[Description of the task]: Print a faithful copy of the data below, word for word, with the pictures left out.

═══ Recorded information

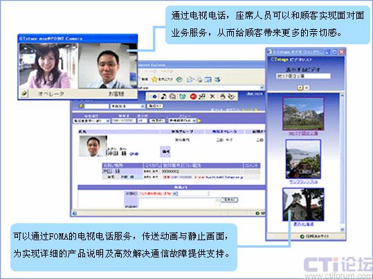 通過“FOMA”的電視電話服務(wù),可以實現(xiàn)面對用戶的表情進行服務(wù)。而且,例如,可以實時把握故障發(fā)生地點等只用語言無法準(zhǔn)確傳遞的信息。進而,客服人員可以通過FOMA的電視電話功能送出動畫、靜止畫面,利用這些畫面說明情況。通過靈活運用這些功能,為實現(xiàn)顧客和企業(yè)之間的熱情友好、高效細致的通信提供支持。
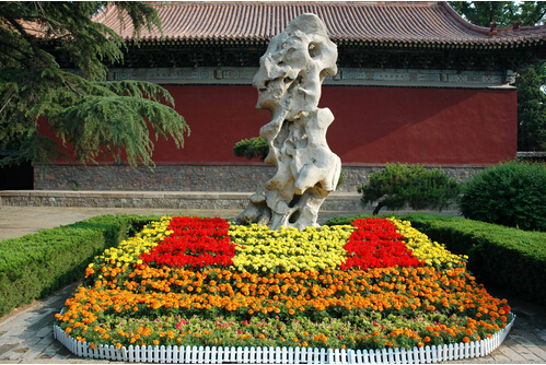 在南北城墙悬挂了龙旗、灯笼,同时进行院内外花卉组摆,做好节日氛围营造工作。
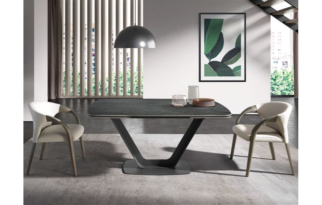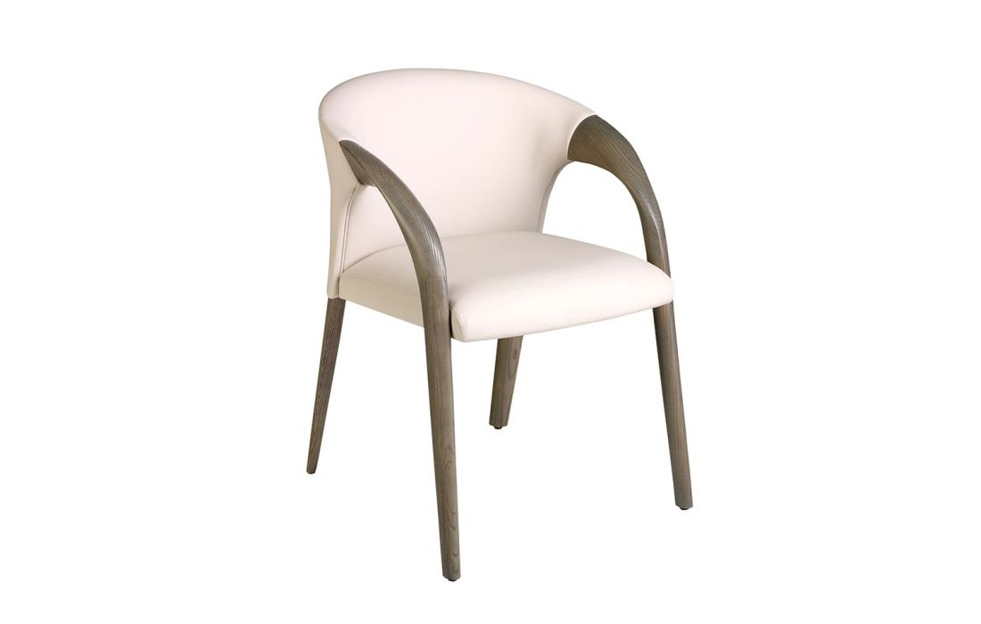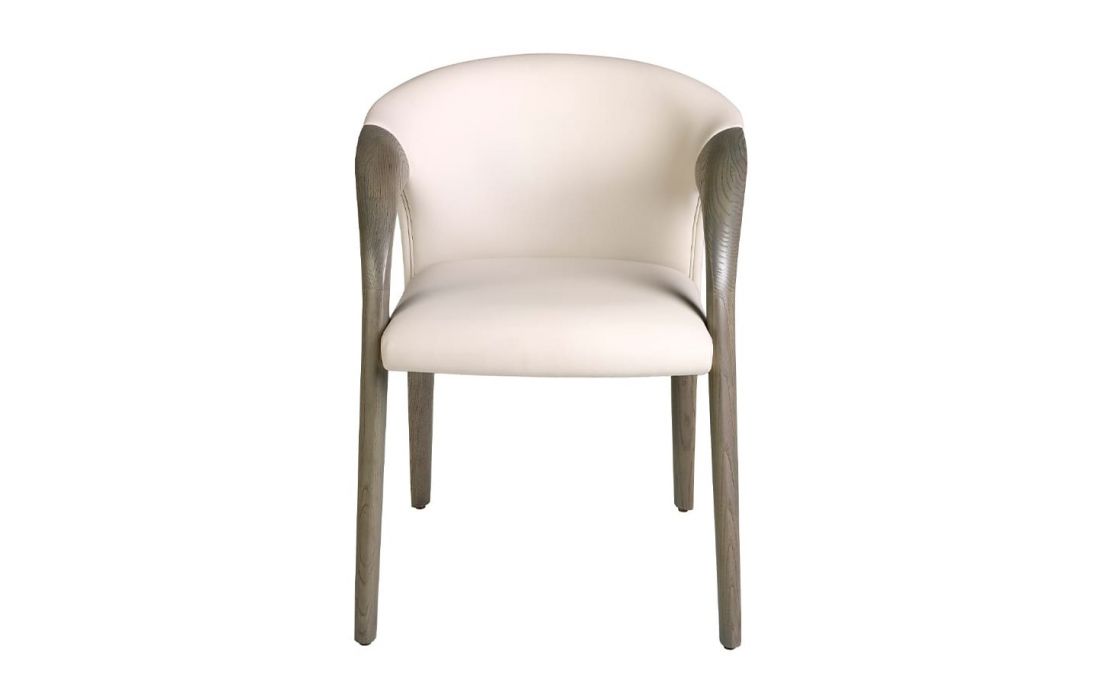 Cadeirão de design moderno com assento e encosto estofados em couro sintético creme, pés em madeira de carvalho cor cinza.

══════

[Response area]:
 通過“FOMA”的電視電話服務(wù),可以實現(xiàn)面對用戶的表情進行服務(wù)。而且,例如,可以實時把握故障發(fā)生地點等只用語言無法準(zhǔn)確傳遞的信息。進而,客服人員可以通過FOMA的電視電話功能送出動畫、靜止畫面,利用這些畫面說明情況。通過靈活運用這些功能,為實現(xiàn)顧客和企業(yè)之間的熱情友好、高效細致的通信提供支持。
 在南北城墙悬挂了龙旗、灯笼,同时进行院内外花卉组摆,做好节日氛围营造工作。
 Cadeirão de design moderno com assento e encosto estofados em couro sintético creme, pés em madeira de carvalho cor cinza.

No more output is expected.